I only sort of understand what you mean. BTW, we really need to work to overcome this communications barrier between us, and perhaps also with Steve Rayhawk. I can generally understand Steve’s comments much better than yours, but maybe that’s just because may of his ideas are similar to mine. When he introduces ideas that are new to me, I have trouble understanding him as well.
What can we do? Any ideas? Do you guys have similar trouble understanding me?
Back to the topic at hand, I guess I was asking for some assurance that in your FAI approach we’d be able to verify the preference-extraction method on some examples that we can understand before we have to “let go”. I got some information out of what you wrote, but I don’t know if it answers that question.

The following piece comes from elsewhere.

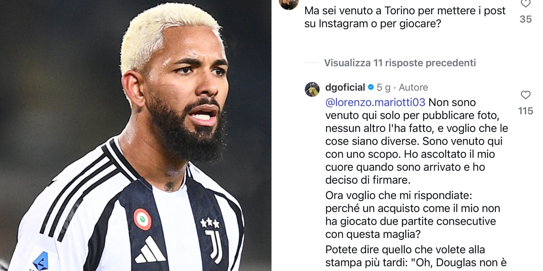 “Per quanto tempo sono rimasto in panchina mentre ero in salute?”. Questa è la domanda polemica che ha posto Douglas Luiz a un tifoso che ha commentato una foto del calciatore brasiliano della Juventus su Instagram chiedendogli se fosse venuto a Torino per giocare a calcio o solo per postare contenuti sui social network. “Non sono venuto qui solo per pubblicare foto, nessun altro l’ha fatto, e voglio che le cose siano diverse. Sono venuto qui con uno scopo. Ho ascoltato il mio cuore quando sono arrivato e ho deciso di firmare il contratto. – ha premesso Douglas Luiz – Ora però voglio che mi rispondiate: perché un acquisto come il mio non ha giocato due partite consecutive con questa maglia?”.

Every self-contained mathematical structure is also contained within larger mathematical structures. For example, our universe must exist both as a stand-alone mathematical structure, and also as simulations within larger universes, and we have preferences both for the smaller mathematical structure, as well as the larger ones. I’m not sure if you’ve already taken that into account, but thought I’d point it out in case you haven’t.
It’s useless to discuss fine points in an informal description like this. At least, what is meant by “mathematical structures” should be understood, depending on that your point may be correct, wrong, or meaningless. In this case, I simply referred to taking the problem inside a limited universe of discourse, as opposed to freely interacting with the world.